The 2017 of the US Open is the 40th played at Flushing Meadows. Let’s look back on the history of a stadium where the noise and the smell of grease have always been, but which is far less criticized than it used to be…
700.000 spectators during the fortnight, a Central court welcoming 22 547 people, with a 6,5 tons steel roof built for the modest cost of 134 million euros…In 2017, who can still criticise Flushing Meadows ? For almost 20 years, many have done so. The disgrace of the Grand Slam family, it was the dirtiest, the messiest, the most rock and roll, the less respectable, the hardest to get to (40 minutes on public transportation). Which may be normal, in a way, for a complex built in a park in Queen’s on the ruins of an old theater - a « valley of ashes », as the American writer Francis Scott Fitzgerald described in The Great Gatsby -, just a stone’s throw away from LaGuardia airport. Everything derived from a dilemma which occurred in 1977. When the US Championships decided to modernize, the oldish West Side Tennis Club in Forest Hills, which had welcomed the tournament since 1915, refused to make the necessary investments. The American Federation then had to find a solution in only a few months. This is how this huge stadium made of metal and concrete was born, so hastily. The monument perfectly symbolises the American excessiveness and the new dimension in which tennis was brought along the seventies. Contested for its gigantism, Flushing Meadows became the biggest stadium in the world. « Unless you’re in the boxes, then said Pierre Darmon, the ATP Tour vice-president in Europe at the time.

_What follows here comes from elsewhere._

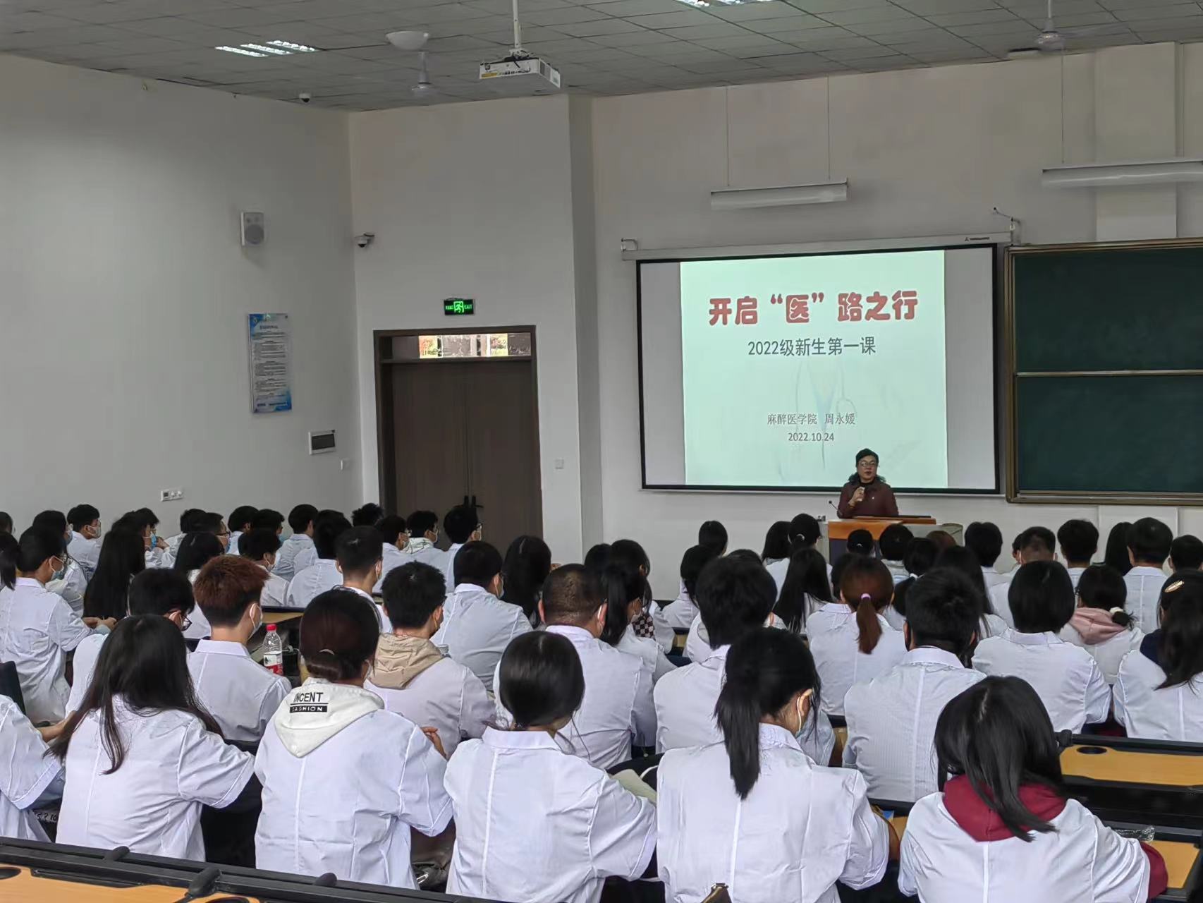 宣誓结束后,麻醉医公司党委书记周永媛以“开启‘医’路之行”为主题,为全体新生讲授《开学第一课》,周永媛书记首先介绍了公司和公司概况,帮助同学们了解公司和PA视讯的历史沿革、学科带头人和专业的基本情况,对同学们未来的老员工涯规划提出了建议和希望;其次,周书记结合国家政策文件为对同学们强调在校期间的学习生活需要遵守的规章制度;最后,周书记围绕诚信和安全稳定进行专题宣讲,强调同学们要提升安全意识、诚信意识、反诈意识,走好大学中的每一步。

It’s too big, it smells bad, it’s noisy…it was built the American way. » In 1990, a spectator who sitting at the very top of the stadium even sent the tournament’s organizers a letter to complain about not having seen anything : « I think Agassi was playing because I thought I noticed a fluorescent ball jumping around on the court. »
Dinosaurs, traffic and atomic bomb
A little « too much », in the end, for the numerous specialists, troubled by the smells of barbecue which took over the alleys, and shaken by the throbs of the planes taking off - every ten minutes until 1991. With the constant coming and going of the spectators in the stands, players had the impression of working in the main hall of an agricultural show on the opening day. In 1978, the place seemed perfect for Jimmy Connors. « In this tournament, I wouldn’t bow in front of anyone », said the star whose violent game seemed to perfectly fit the local atmosphere. « The noise and the terror, the DecoTurf which breaks your legs…this tournament is an extreme test for journalists and for the nerves, it can only be won by a tough guy », then wrote Denis Lalanne in L’Equipe, ten years before comparing the stands to a « giant trashcan ». Because « Flushing » has its own personal enemies. After a premature defeat in 1985, Kevin Curren, who always preferred the muted atmosphere of Wimbledon, simply suggested to « drop an atomic bomb on this bloody place ! » In 1986, even John McEnroe was disqualified from the doubles tournament for having lost himself in the traffic on his way to the stadium. The beginning of the end ? A little bit : a year later, the city of New-York started a gentrification around the place by building a zoo and a playground based around dinosaurs close to it. Besides watching the matches, the spectators can now sit, read or have a picnic. Then, in 1997, as a final gesture of appeasement, the Louis Armstrong Central Court made way for the Arthur-Ashe Stadium, which is even bigger, but much cleaner. Some players, like Noah, seem to regret the disappearance of the noisy atmosphere. « We don’t feel the madness of New-York, or the hardness of the city anymore. » The Frenchman was the last one to dare.